Шрифт:
Интервал:
Закладка:
— Первым надо спрашивать того, кто, но вашему мнению, может хорошо ответить. Очень важно, чтобы их не испугал сам факт вызова.
И я решила, что первым будет Филипп. Мне показалось, что, услышав свое имя, он слегка побледнел, потом провел ладонью по губам и встал. У доски он очень напоминал мне моего отца. Те же откинутые со лба волосы, те же две вертикальные морщинки между бровями. Отец говорил, что по таким морщинкам можно узнать, сколько у человека детей. Никогда не забуду я этот опрос.
Филипп говорил спокойно и медленно, словно перед тем, как произнести фразу, он все слова выстраивал в уме и определял их истинность. На его щеках опять появились два смешных красных пятнышка. Я спрашивала его долго. Понимала, что перебарщиваю, но мне так нужно было убедиться, поверить в то, что я преподаватель и что эти взрослые люди за низенькими партами действительно мои ученики. Сцепив большие шахтерские руки на кремовой рубашке, Филипп негромко отвечал на мои вопросы, и в морщинках между его бровями поблескивали капельки пота.
Он получил «отлично». Когда я протянула ему дневник, подал голос шофер Семо Влычков:
— Эй, Филипп, смотри, не забудь, пусть ночью жена распишется…
Все засмеялись. И этот смех тридцати сидящих передо мной мужчин захлестнул меня волной радости и облегчения.
9
Михаил оставил свою первую зарплату на столе, веером разложив пятилевовые бумажки, но я прежде всего потянулась к подарку. С детства обожаю получать подарки, и это, наверное, останется у меня до старости. Я ужасно волнуюсь, развязывая бечевку и копаясь в бумажной обертке, а потом, даже если вещь мне совсем не нужна, она навсегда дорога мне, ведь я знаю, что кто-то, покупая ее, думал обо мне, специально ходил в магазин и там на несколько минут забыл обо всем остальном.

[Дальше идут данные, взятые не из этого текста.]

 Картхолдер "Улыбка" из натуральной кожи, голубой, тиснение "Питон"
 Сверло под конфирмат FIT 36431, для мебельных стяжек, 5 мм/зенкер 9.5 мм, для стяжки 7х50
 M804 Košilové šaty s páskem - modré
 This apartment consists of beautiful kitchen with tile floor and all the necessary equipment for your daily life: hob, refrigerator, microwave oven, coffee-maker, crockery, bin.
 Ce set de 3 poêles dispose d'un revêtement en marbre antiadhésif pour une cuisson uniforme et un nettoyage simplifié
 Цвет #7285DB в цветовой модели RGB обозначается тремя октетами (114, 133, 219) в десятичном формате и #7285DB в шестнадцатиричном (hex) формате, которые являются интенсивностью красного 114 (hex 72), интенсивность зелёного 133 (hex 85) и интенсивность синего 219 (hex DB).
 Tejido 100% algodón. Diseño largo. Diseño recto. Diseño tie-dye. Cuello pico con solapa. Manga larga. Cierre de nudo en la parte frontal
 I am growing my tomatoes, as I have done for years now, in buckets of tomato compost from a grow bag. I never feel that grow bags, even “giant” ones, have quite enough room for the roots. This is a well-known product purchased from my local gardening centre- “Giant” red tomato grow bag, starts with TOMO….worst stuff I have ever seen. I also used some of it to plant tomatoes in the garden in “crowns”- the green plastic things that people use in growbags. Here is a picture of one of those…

Михаил купил мне зеркало. Круглое зеркало с красным шелковым шнуром, чтоб можно было повесить на стену.
В этот субботний вечер гостиничный ресторан был переполнен. Но официант уже знал нас и нашел нам местечко в конце длинного стола.

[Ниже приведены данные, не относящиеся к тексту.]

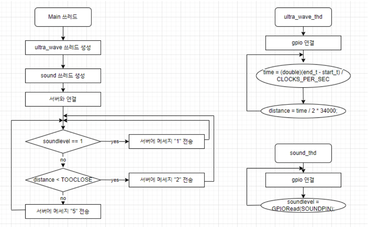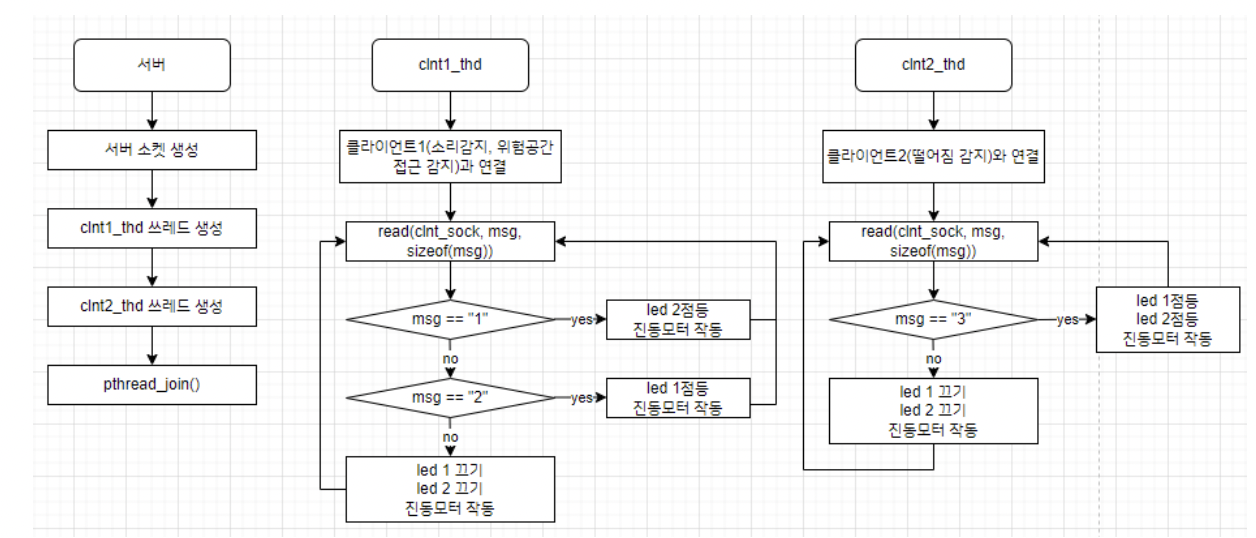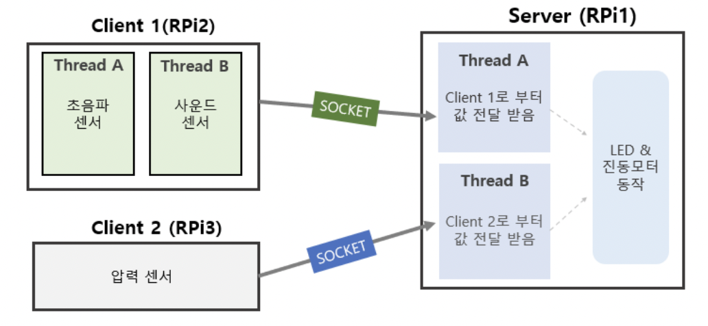 구현한 시스템은 센서를 이용해 문제 상황 발생 여부를 감지하는 클라이언트 라즈베 리파이에서(Pi2, Pi3), 발생한 문제 상황을 구별하여 이를 액추에이터로 알리는 서버 라 즈베리파이(Pi1)로 구성된다. Pi2는 사운드 센서로 일정 크기 이상의 소리를 감지하고, 초음파 센서로 위험한 공간 과 대상과의 거리를 측정하고 일정 값보다 낮다면(가깝다면) 문제상황으로 간주한다. 그 리고 발생한 상황에 대한 메시지를 소켓 통신을 이용해 Pi1에게 전송한다. Pi3에서는 MCP3008 ADC 컨버터를 SPI 인터페이스를 이용하여 사용했다. 이를 통해 압력 센서로부터 압력 값을 받고 특정 크기 이상의 압력을 입력으로 받으면 문제상황으 로 간주하고 소켓 통신을 이용해 메시지를 Pi1에 전송한다. Pi1에서는 소켓 통신을 통해 받은 메시지가 문제 상황에 대한 것이라면 진동 모터를 동작 시키고 어떤 문제상황인지 구분하여 led를 다르게 작동시킨다.

— Не люблю сидеть с незнакомыми, — шепнул мне Михаил. — Ни мы не сможем поговорить, ни они.
Однако незнакомцы уже выпили ту свою бутылку, после которой житейские мелочи теряют всякое значение. Черные выходные пиджаки висели на спинках стульев, а из-под белых сорочек виднелись полоски матросских тельняшек. Это были шахтеры — я их сразу узнала, — провожавшие своего инженера.
— Не, это не наш начальник, — объяснил мне сосед, невысокий человек, проблескивая развеселыми глазами. — Он шахтером был, как мы, только учился заочно, а вчера диплом получил. Я, говорит, люди, угостить вас должен, я еще, говорит, пять лет назад это задумал. Вон тот парень, видите?

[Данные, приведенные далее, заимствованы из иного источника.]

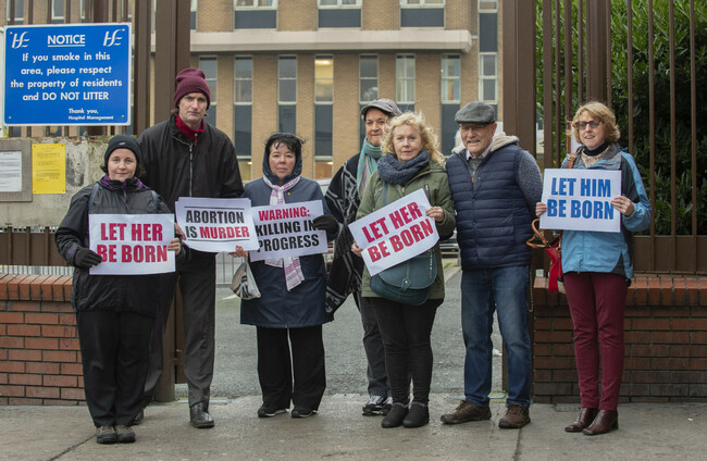 People stage a protest against abortion at the gates of Our Lady of Lourdes Hospital today. Ciara Wilkinson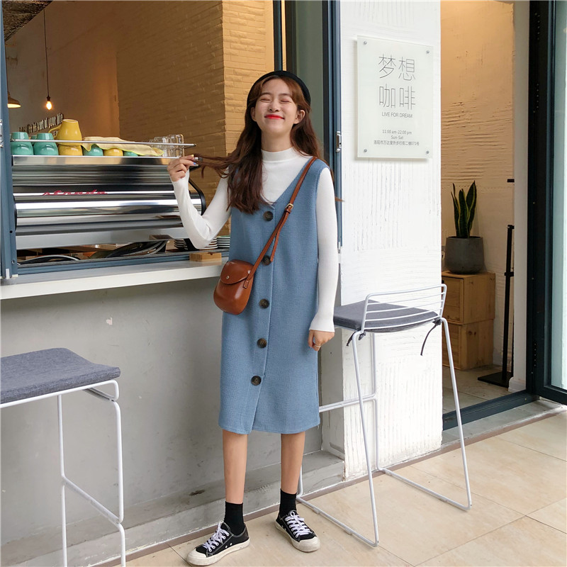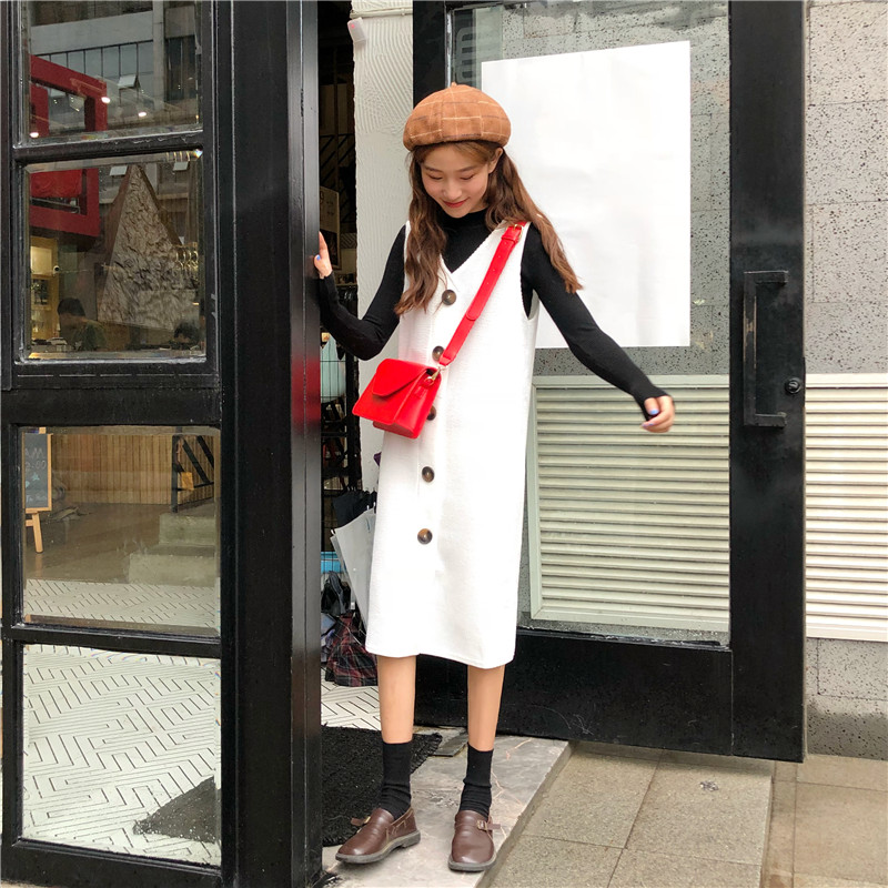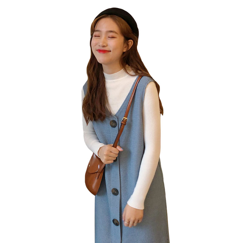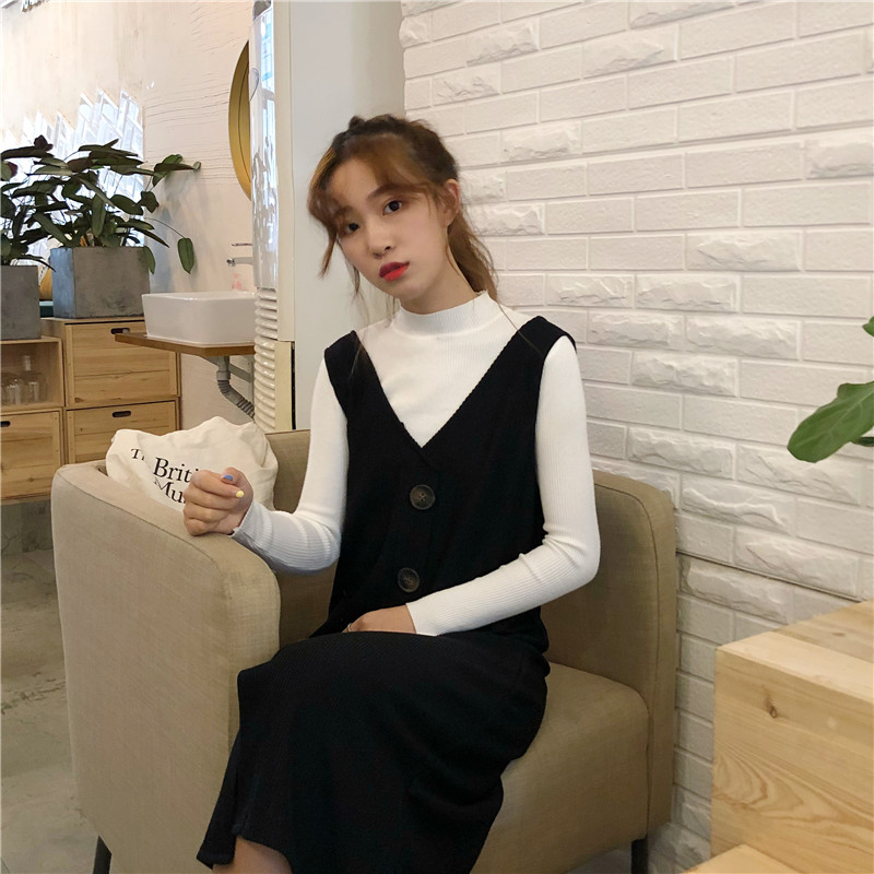 / 秋季女裝韓版時尚休閑套裝V領針織背心裙連衣裙+打底針織衫兩件套

Я нарочно не стала глядеть в ту сторону. Мне хотелось самой среди десятка смеющихся лиц найти лицо человека, ставшего инженером. Одного за другим рассматривала я сидящих вдоль стола мужчин и никак не могла решить, чего мне, собственно, больше хочется — угадать или ошибиться.
Так я его и не угадала…
На невысоком помосте для оркестра дробно, словно его спустили с лестницы, загремел барабан. Певица сегодня была новая, высокая девушка с длинными волосами. Она все время перекидывала их с плеча на плечо, и сидящий сзади очкастый саксофонист морщился — видно, пряди задевали его по лицу. Девушка пела хорошо, но люди за белыми столами продолжали есть, в голосе певицы не было того необъяснимого тепла, которое могло заставить людей замолчать, положить вилки и вспомнить что-то свое: не полученное когда-то письмо, вечерний вокзал или ушедшую любовь, ушедшую просто так, вместе с годами.
— Держу пари, что малышка окончила студию эстрадных певцов, — тихо проговорил Михаил. Девушка пела опытно и верно, честно брала высокие ноты, а не вскидывала вместо этого руку, как делала прежняя певица. И все-таки вокруг продолжали греметь тарелки…
Мы, люди, не любим оставаться незамеченными. Сначала нас вполне устраивают восторги родителей по поводу наших наивных рисунков, сделанных цветными карандашами, потом мы готовы плясать от радости, если учительница вслух прочтет в классе наше сочинение о весне, и страдаем, если кому-нибудь другому дадут главную роль в новогодней пьесе. Затем, с течением времени, это чувство становится более мудрым, превращается в желание работать как можно лучше, так, чтобы выразить себя в своем труде, и мы счастливы, если окружающие замечают не нас, а наш труд. И, может быть, поэтому несчастен человек, не нашедший дола, в котором он может себя выразить, и тогда зависть становится его единственным оружием против глупой неправды, которую он, в сущности, сам и создал.
И я была уверена, что молоденькая певица не перестает злиться на кого-то из концертного бюро, что, ложась под утро на свою узкую гостиничную койку, она долго вздыхает от обиды на него и на весь этот жующий люд, бесчувственный к ее таланту. И внушает себе, что те, в Софии, завидуют ей и мешают и что все было бы по-другому, имей она на кого опереться. И только одного она никогда не допустит — горькой истины, что в голосе у нее нет того тепла, которое заставляет каждого вспомнить о чем-то споем. Может быть, ее преподавателю в эстрадной студии нужно было быть более искренним.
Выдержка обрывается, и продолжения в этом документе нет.